The vast majority of people will still go to restaurants (use ChatGPT or Claude). But for cooks — developers, researchers, companies with specific needs — having the recipe changes everything.

Who made Llama?

Llama was made by Meta AI — the artificial intelligence research division of Meta, the company founded by Mark Zuckerberg. Meta AI is headquartered in Menlo Park, California, with major research offices in Paris and New York.

The person most associated with Meta’s AI philosophy is Yann LeCun, Meta’s Chief AI Scientist. LeCun is one of the most respected figures in AI research — he co-won the 2018 Turing Award (the Nobel Prize of computing) alongside Geoffrey Hinton and Yoshua Bengio for their foundational work on deep learning. Unlike many AI leaders, LeCun has been consistently outspoken in support of open-source AI development and sceptical of what he sees as exaggerated concerns about near-term AI risk.

LeCun’s view — which underpins Meta’s Llama strategy — is that open AI is safer AI: more researchers can study it, identify problems, and improve it. Closed AI concentrates power in the hands of a few companies.

Why does a company like Meta give this away?

It seems counterintuitive. Why would Meta spend hundreds of millions of dollars building an AI and then give it away for free?

Two reasons. First, Meta’s business is social media, not selling AI services — they do not have a competing product to protect. Second, by releasing Llama openly, Meta accelerates the entire field, builds enormous goodwill with developers, and ensures that AI development is not monopolised by OpenAI and Google. A world with Llama is a world where Meta has influence even without a major AI product. Strategic generosity.

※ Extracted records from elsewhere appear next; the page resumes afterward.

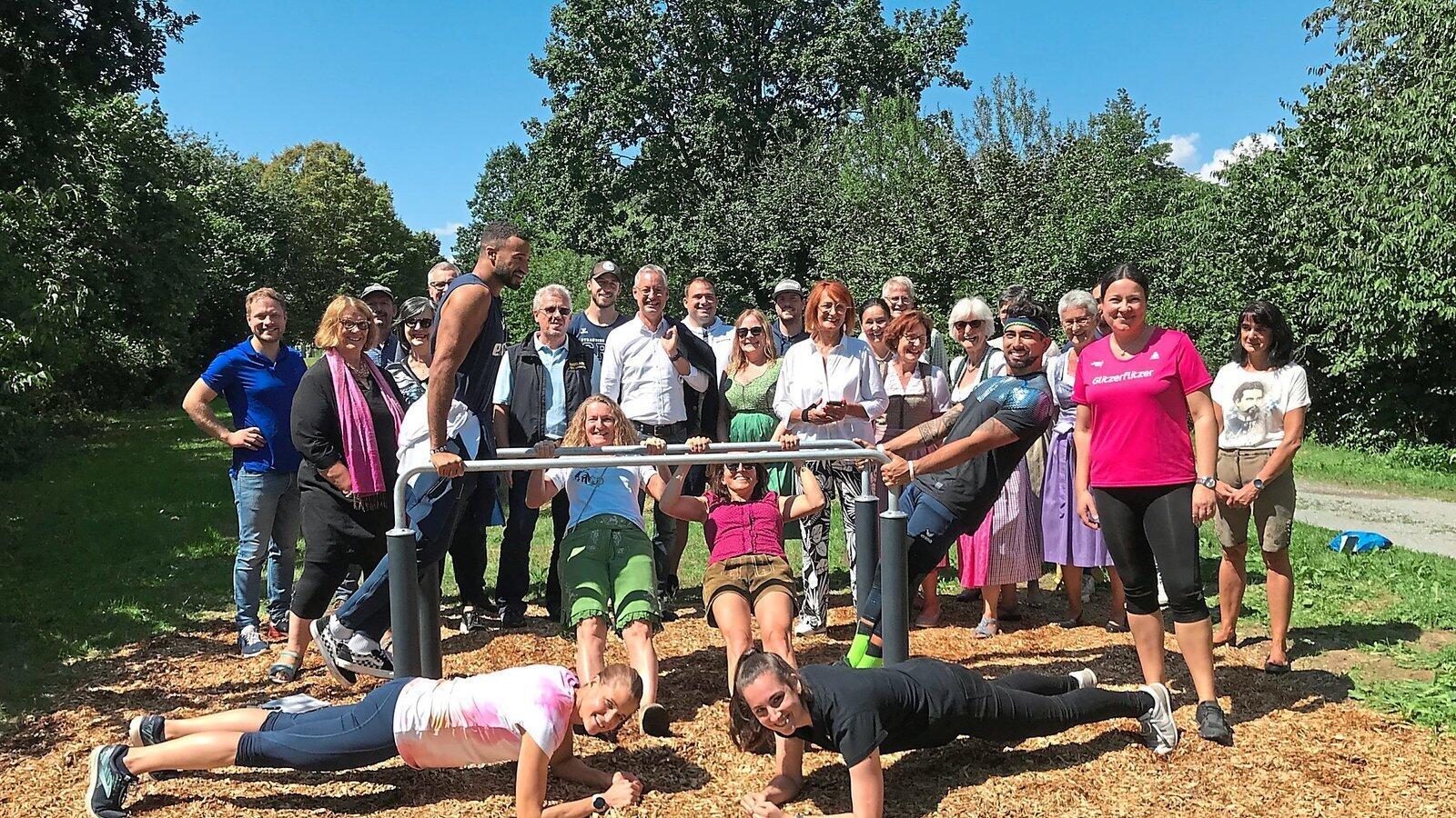 Die Teilnehmer der offiziellen Eröffnung des neuen Fitness-Trail in Ittling probierten die verschiedenen Möglichkeiten an den drei Stationen rund um den Zwiequanteriner Weiher mehr oder weniger eifrig aus.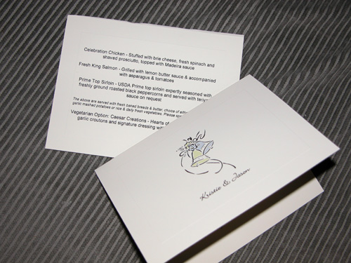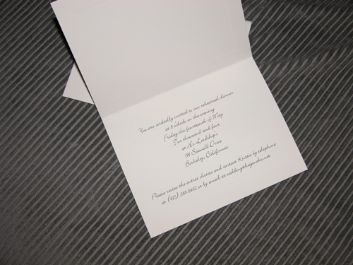 The rehearsal dinner was held the night before the wedding at H's Lordship's in Berkeley. I made up invitations for this and asked people to call or email with their entree choices. Avery matte ivory notecards are wonderful things.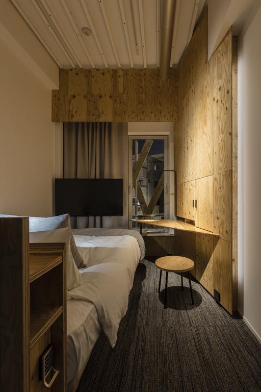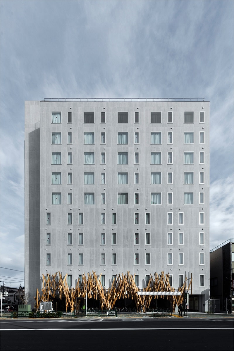 ONE@TOKYO is a stylish design hotel in the eastern Oshiage district, welcoming guests with a dramatic architectural gesture: a lattice of raw timber planks wrapped around the base of a ten-story concrete tower. This striking contrast—organic warmth meeting urban strength—sets the tone for the hotel’s design narrative. Inside, a 15-meter-long counter stretches from reception into the restaurant and bar, blurring boundaries between check-in, dining, and social space. An outdoor terrace connects the building back to the neighborhood, embedding the hotel into the pulse of Oshiage.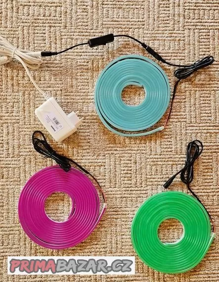 Prodám LED pásky s neonovým efektem ve třech barvách. Délka 5m. Jsem schopen přidat 12V 2.5A zdroje(+100Kč/Ks) nebo vypínače(+30Kč/Ks).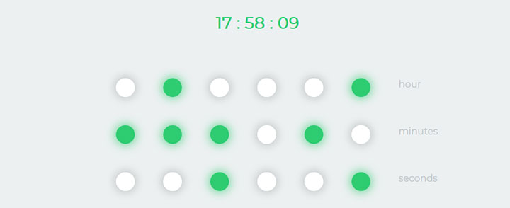一款很烧脑的jQuery二进制数字时钟代码,时分秒都是用二进制来表示,绿色表示该位值是1,灰色则表示0。其实实现原理也是很简单,无非是将时钟的时分秒分别实时转换成二进制,然后随着本地时间的更新而实时刷新。一般人看不懂吧?
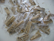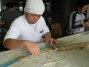 この他に、稈基重(かんきじゅう)の測定も行われます。これは、平成18年度から行われているもので、稲一株のいちばん下の地ぎわを切り落とし、そこから上10cm分を切り取ります。そして、1本1本の皮をむき芯だけ残し、その重さを計り、10本当たりの重量に換算した数値を出します。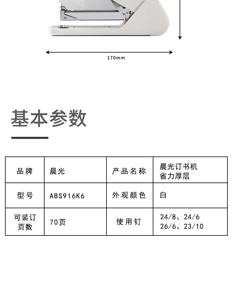 Chenguang 테이크 아웃 포장 다기능 바인딩 기계 학생 사무실 노동 절약 두꺼운 레이어 스테이플러 70 페이지 ABS916K6스토어 가기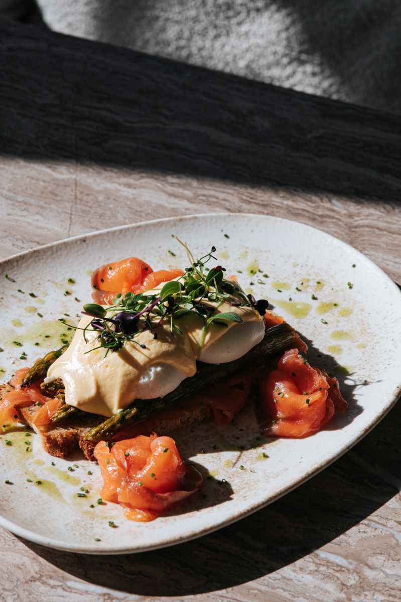 Στα must try το Eggs Royale, που σερβίρεται με καπνιστό σολομό, σπαράγγια και αβγά ποσέ πάνω σε ένα υπέροχο προζυμένιο ψωμί. Το πιάτο ολοκληρώνεται με μια εκπληκτική σως hollandaise.
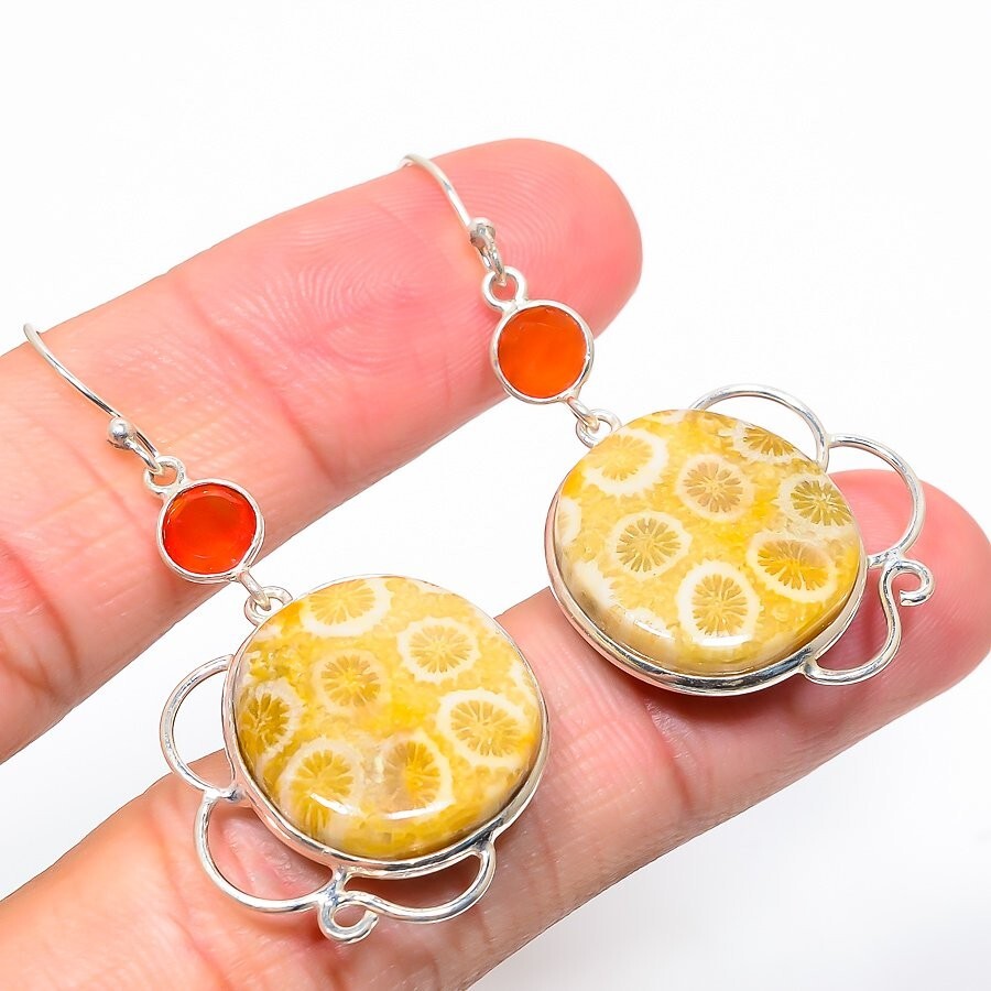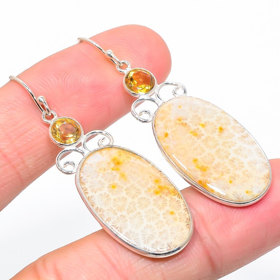 Natural Fossil"Coral 925 Silver Anniversary Dangle Daughter Hook Unique Earrings

The history of Llama — from a research paper to a revolution

The context: closed models dominating (2022)

By late 2022, the frontier of AI was firmly behind closed doors. OpenAI had GPT-3 and GPT-4 locked behind a paid API. Google had LaMDA but was not releasing it. The open-source AI community had models, but nothing close to the capability of the frontier. If you wanted cutting-edge AI, you paid OpenAI.

The researchers at Meta AI — many of them veterans of Google Brain, DeepMind, and top universities — believed this was wrong. Not just strategically for Meta, but philosophically: AI this powerful and this broadly applicable should not be controlled exclusively by one or two companies.

February 2023: Llama 1 — the first crack in the wall

On 24 February 2023, Meta released Llama 1 — a family of models ranging from 7 billion to 65 billion parameters. The release was initially restricted to researchers who applied for access through a form. Meta wanted to control the rollout carefully.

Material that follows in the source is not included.